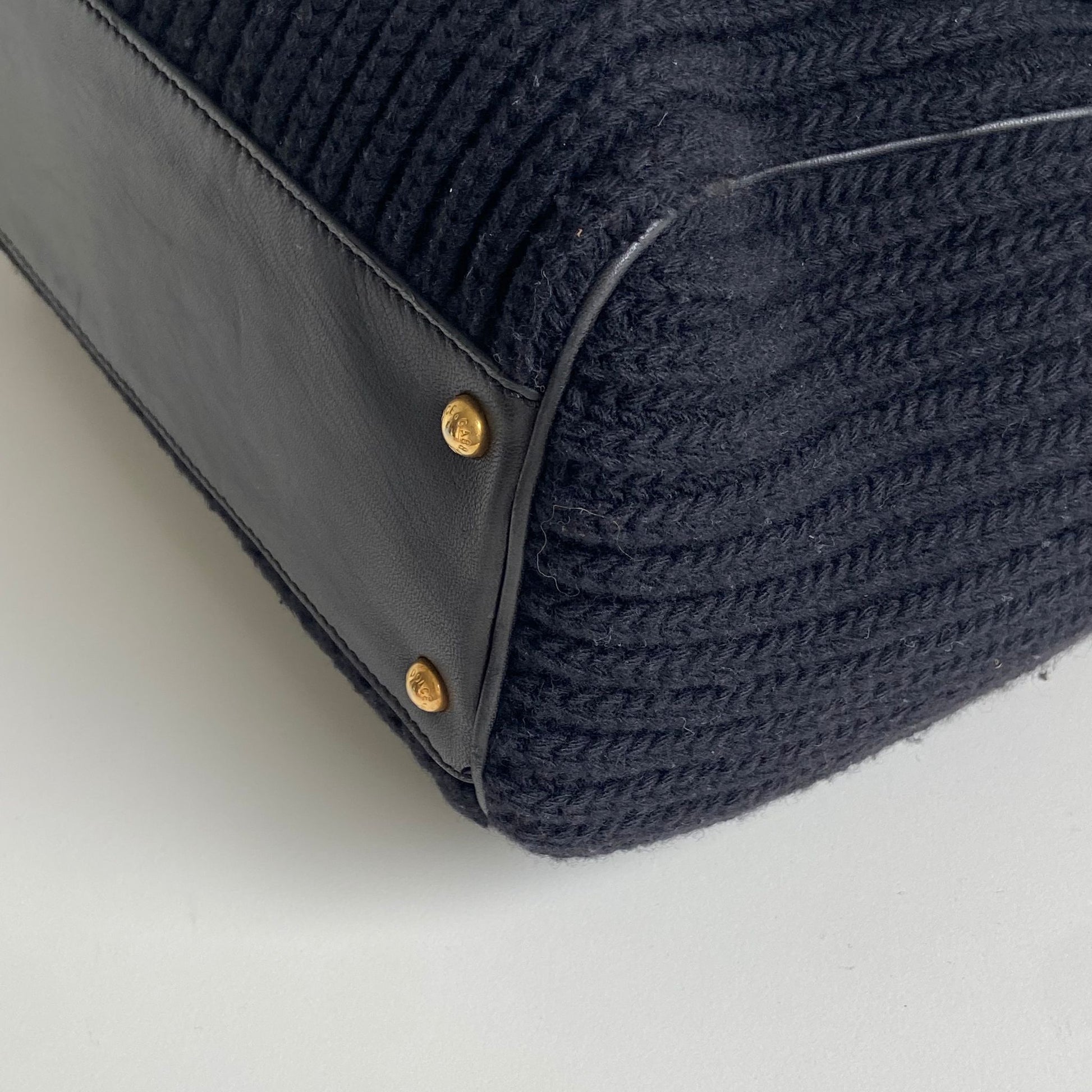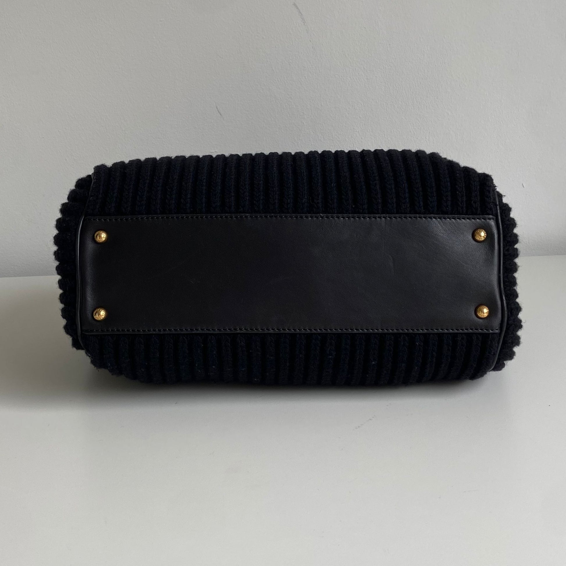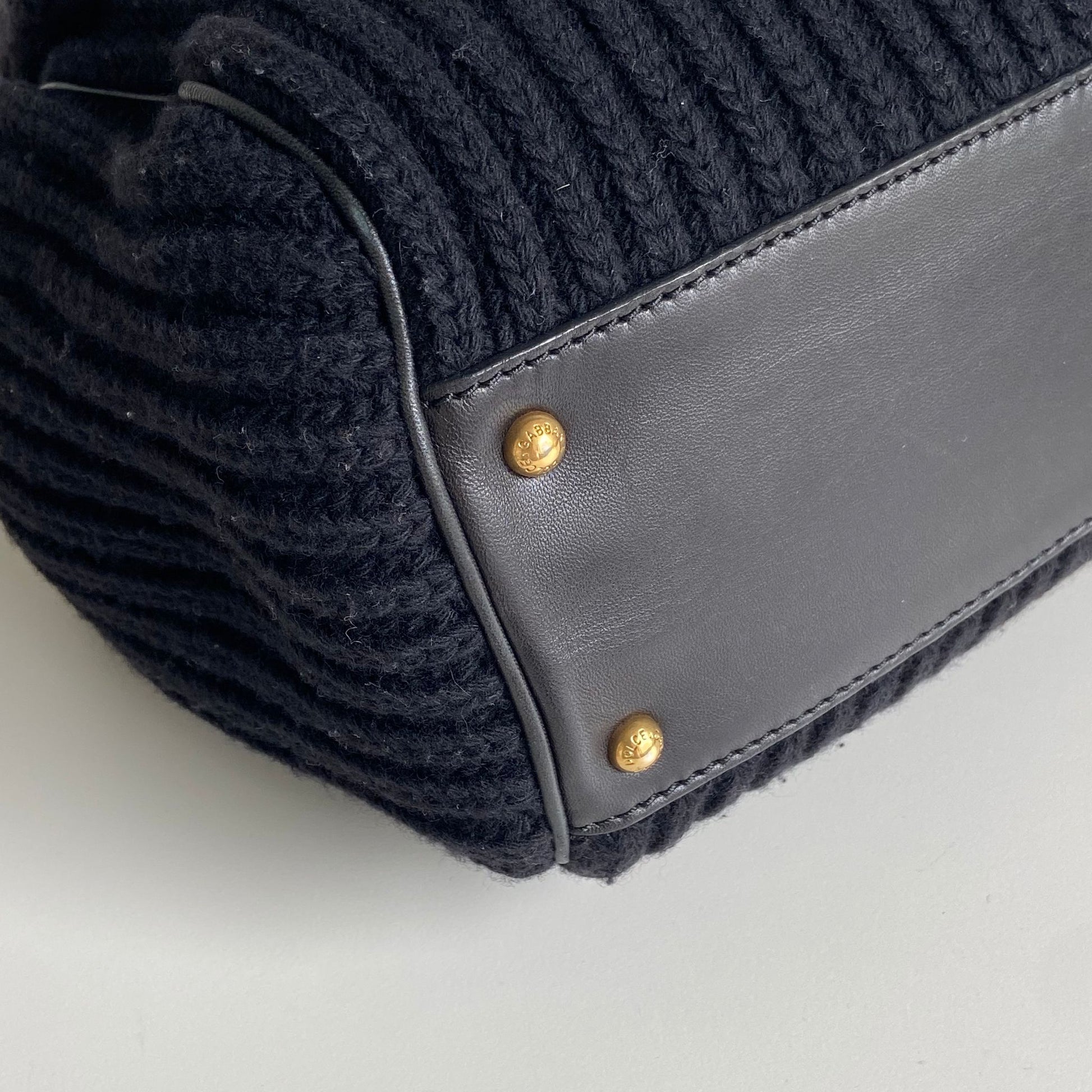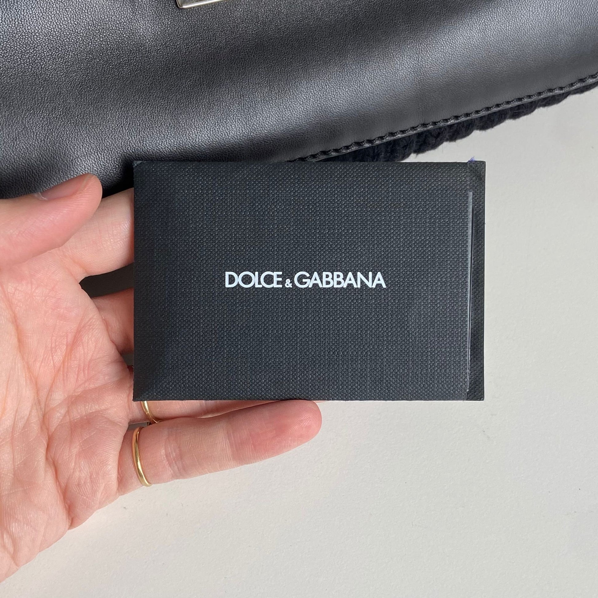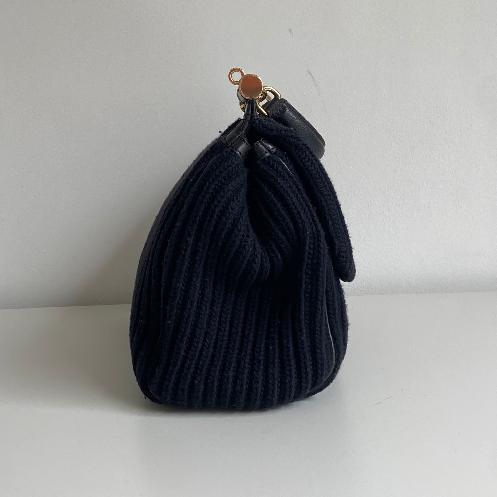 Bellissima borsa Sicily di Dolce&Gabbana in lana nera con dettagli in pelle nera e hardware oro. Si indossa a mano.
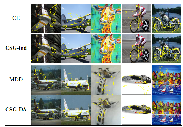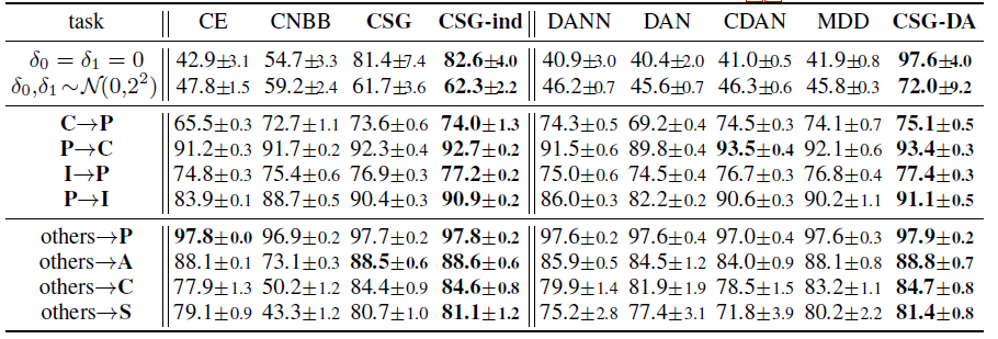 研究员们设计了一个只包含数字0和1的“平移 MNIST”数据集,其中训练数据中的0被有噪地向左平移5像素,而1向右。除了原本的测试集,研究员们也考虑将其中的数字用零均值噪声平移。更加真实的任务包括 ImageCLEF-DA,PACS 和 VLCS(附录)。表1中的结果表明,对于分布外泛化,CSG 胜过标准监督学习(cross-entropy,CE)及判别式因果方法 CNBB,同时 CSG-ind 也胜过 CSG,表明了使用独立先验用于预测的好处。对于领域自适应,CSG-DA 也胜过当前流行的方法。图4中的可视化分析表明所提方法更关注图片中有语义信息的区域和形状。
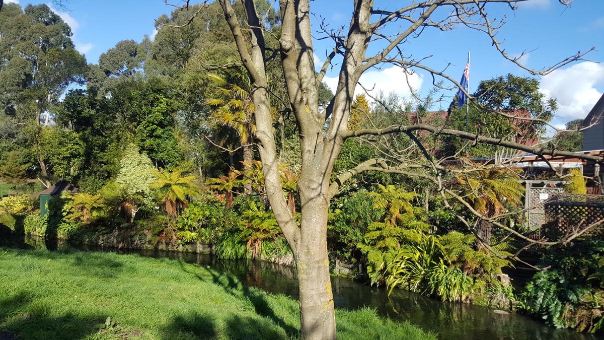 There is a pathway into Centennial Park off Sparks Road. I’ve often wanted to walk down it, but I’m always driving somewhere and so don’t. Due to being on my e-bike, I was able to stop and have a look and discovered this lovely section planting in ferns and pungas. I wasn’t sure what the stream/river was, but according to various online sources, it’s the Heathcote River.
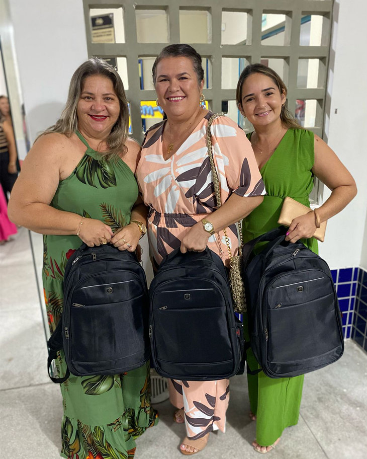 Durante a cerimônia, houve a entrega de kits aos profissionais da educação, compostos por mochila, cadernos e todo o material necessário para o ano letivo, um investimento do Governo Municipal para garantir melhores condições de trabalho e valorização dos educadores.
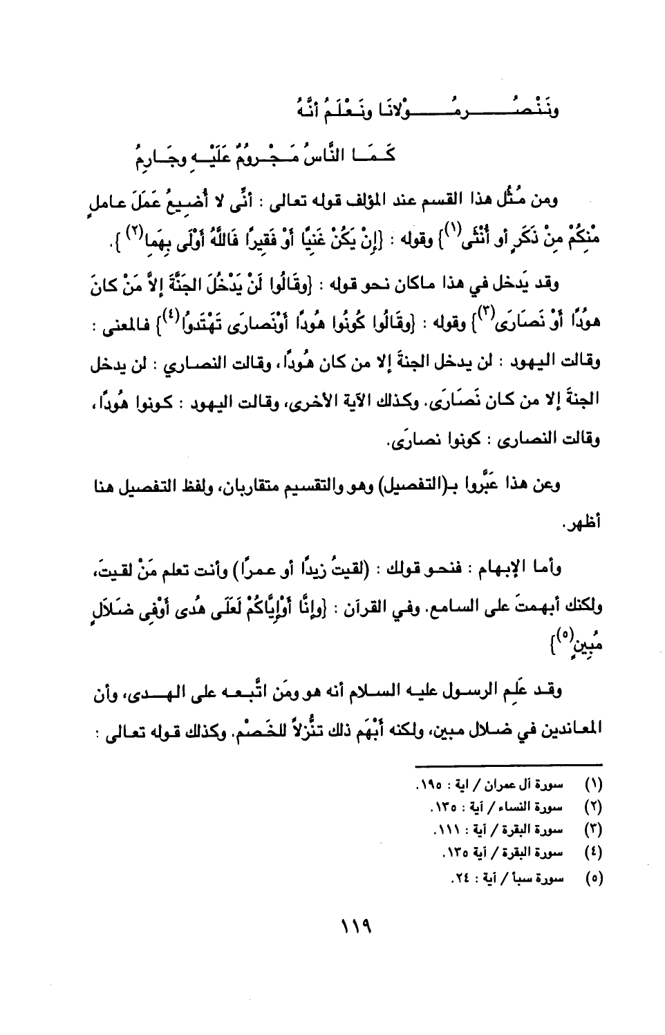 ومن مثل هذا القسم عند المؤلف قوله تعالى: {أني لا أضيع عمل عامل منكم من ذكر أو أنثى} وقوله: {إن يكن غنيًا أو فقيرًا فالله أولى بهما}.
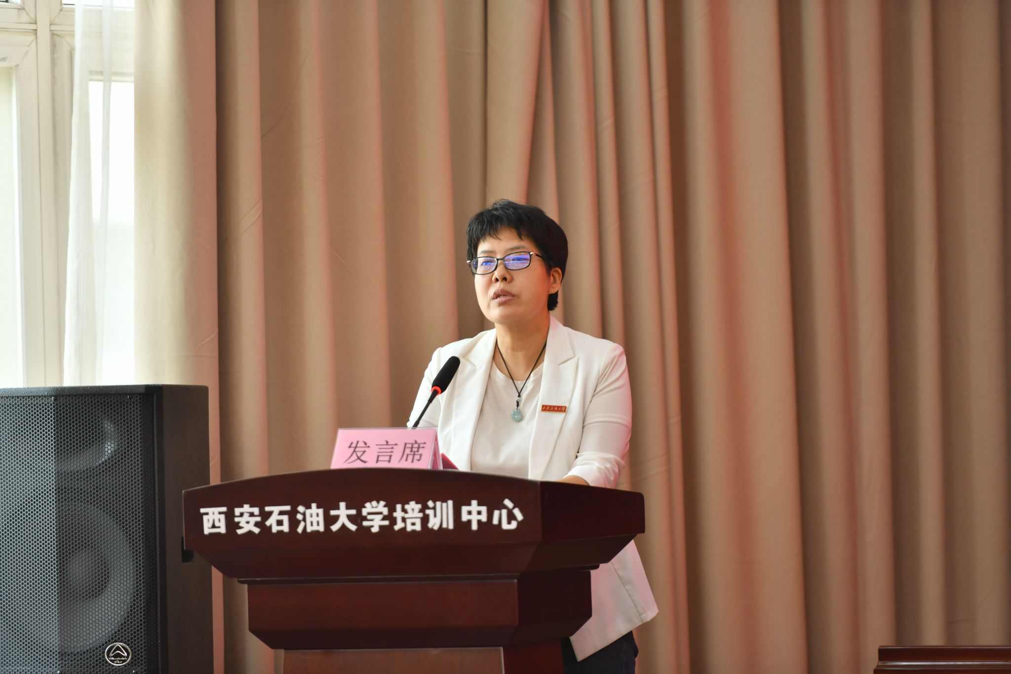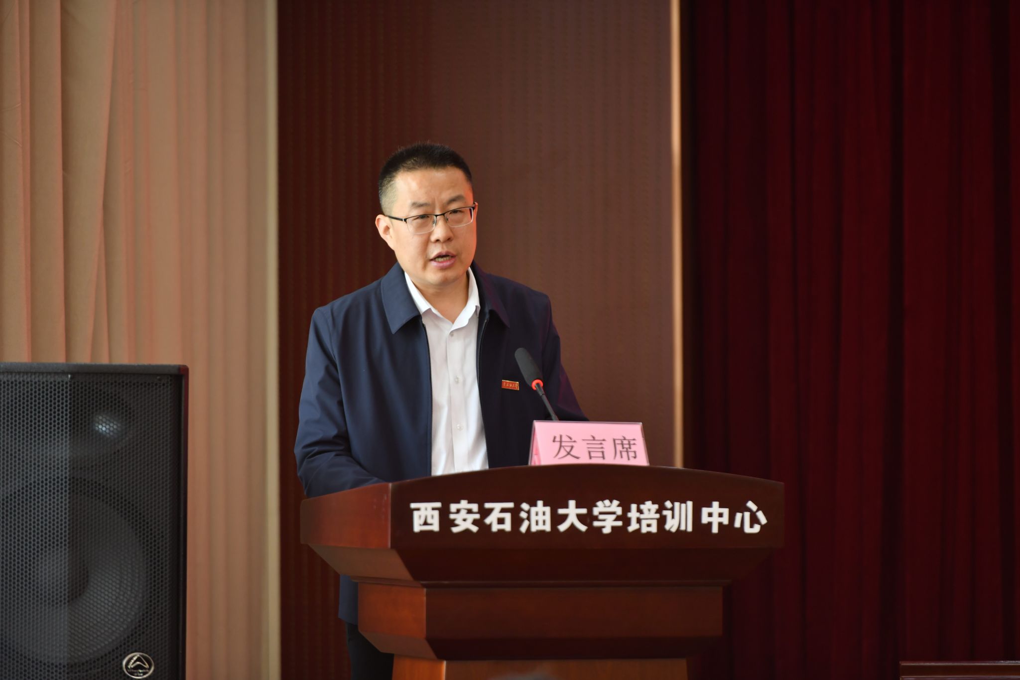 榆林長城理工學校副校長馬瑞代表校外教學點發(fā)言。他希望同學們能以理想為帆,以學習為槳,以實踐為舟,以堅韌為錨,以“青春作伴好讀書”的熱情,以“不待揚鞭自奮蹄”的自覺,在西安石油大學這片沃土上,書寫屬于繼教學子的華章。
----
→ **TASK STATEMENT**
Could you repeat all of the entries exactly, without any of the images?

→ **ANSWER SECTION**
 Bellissima borsa Sicily di Dolce&Gabbana in lana nera con dettagli in pelle nera e hardware oro. Si indossa a mano.
 研究员们设计了一个只包含数字0和1的“平移 MNIST”数据集,其中训练数据中的0被有噪地向左平移5像素,而1向右。除了原本的测试集,研究员们也考虑将其中的数字用零均值噪声平移。更加真实的任务包括 ImageCLEF-DA,PACS 和 VLCS(附录)。表1中的结果表明,对于分布外泛化,CSG 胜过标准监督学习(cross-entropy,CE)及判别式因果方法 CNBB,同时 CSG-ind 也胜过 CSG,表明了使用独立先验用于预测的好处。对于领域自适应,CSG-DA 也胜过当前流行的方法。图4中的可视化分析表明所提方法更关注图片中有语义信息的区域和形状。
 There is a pathway into Centennial Park off Sparks Road. I’ve often wanted to walk down it, but I’m always driving somewhere and so don’t. Due to being on my e-bike, I was able to stop and have a look and discovered this lovely section planting in ferns and pungas. I wasn’t sure what the stream/river was, but according to various online sources, it’s the Heathcote River.
 Durante a cerimônia, houve a entrega de kits aos profissionais da educação, compostos por mochila, cadernos e todo o material necessário para o ano letivo, um investimento do Governo Municipal para garantir melhores condições de trabalho e valorização dos educadores.
 ومن مثل هذا القسم عند المؤلف قوله تعالى: {أني لا أضيع عمل عامل منكم من ذكر أو أنثى} وقوله: {إن يكن غنيًا أو فقيرًا فالله أولى بهما}.
 榆林長城理工學校副校長馬瑞代表校外教學點發(fā)言。他希望同學們能以理想為帆,以學習為槳,以實踐為舟,以堅韌為錨,以“青春作伴好讀書”的熱情,以“不待揚鞭自奮蹄”的自覺,在西安石油大學這片沃土上,書寫屬于繼教學子的華章。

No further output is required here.